• _Exercise instructions_:
Pictures must be left out. Print the lines from the beginning of the material through the line holding "Máy CNC trung", exactly and nothing else.

• _Recorded data_:

───

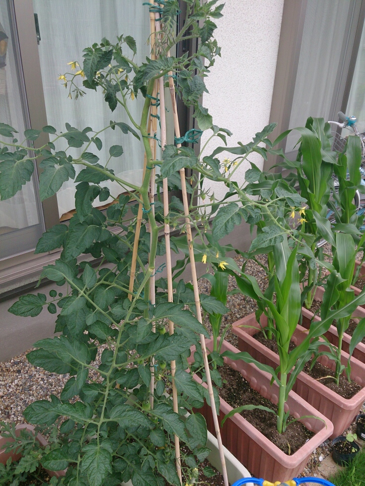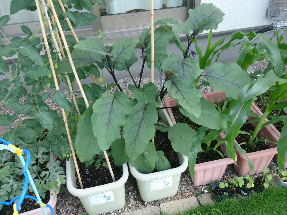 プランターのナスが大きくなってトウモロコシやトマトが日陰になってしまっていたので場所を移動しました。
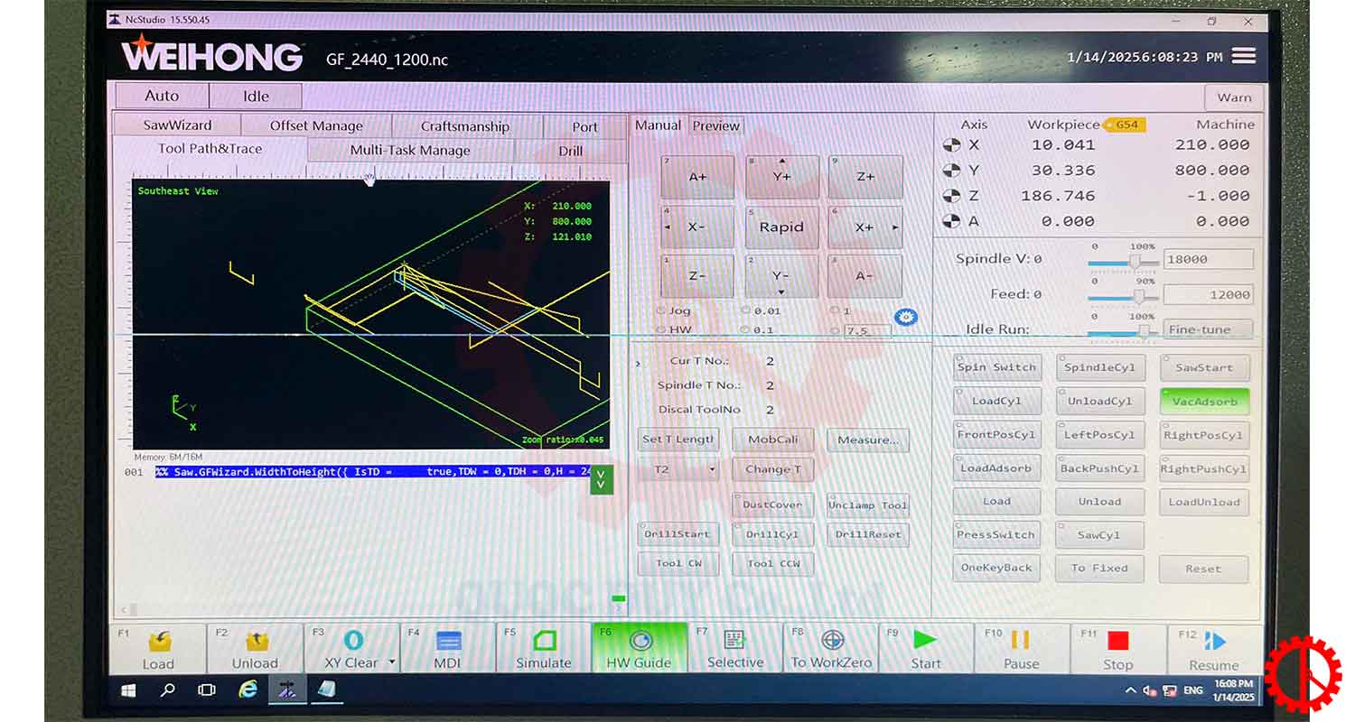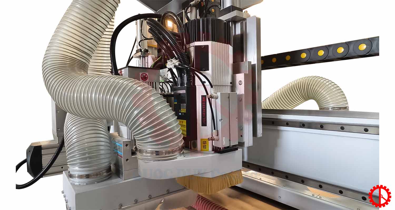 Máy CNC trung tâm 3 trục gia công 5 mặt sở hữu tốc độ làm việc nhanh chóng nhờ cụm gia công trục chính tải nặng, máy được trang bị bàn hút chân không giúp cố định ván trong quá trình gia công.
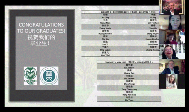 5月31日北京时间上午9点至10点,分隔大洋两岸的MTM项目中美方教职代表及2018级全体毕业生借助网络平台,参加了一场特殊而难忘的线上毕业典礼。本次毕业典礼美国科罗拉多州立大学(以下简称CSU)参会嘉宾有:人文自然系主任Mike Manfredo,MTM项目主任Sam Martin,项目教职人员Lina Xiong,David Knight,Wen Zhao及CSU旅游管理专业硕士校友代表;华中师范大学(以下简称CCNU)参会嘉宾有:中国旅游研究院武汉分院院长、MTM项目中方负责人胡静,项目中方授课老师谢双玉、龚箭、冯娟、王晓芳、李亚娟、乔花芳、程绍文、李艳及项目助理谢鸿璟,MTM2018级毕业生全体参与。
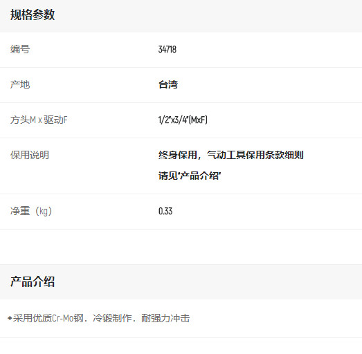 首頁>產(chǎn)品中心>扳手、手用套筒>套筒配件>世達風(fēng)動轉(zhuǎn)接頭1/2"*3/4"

───

• _Reply_:
 プランターのナスが大きくなってトウモロコシやトマトが日陰になってしまっていたので場所を移動しました。
 Máy CNC trung tâm 3 trục gia công 5 mặt sở hữu tốc độ làm việc nhanh chóng nhờ cụm gia công trục chính tải nặng, máy được trang bị bàn hút chân không giúp cố định ván trong quá trình gia công.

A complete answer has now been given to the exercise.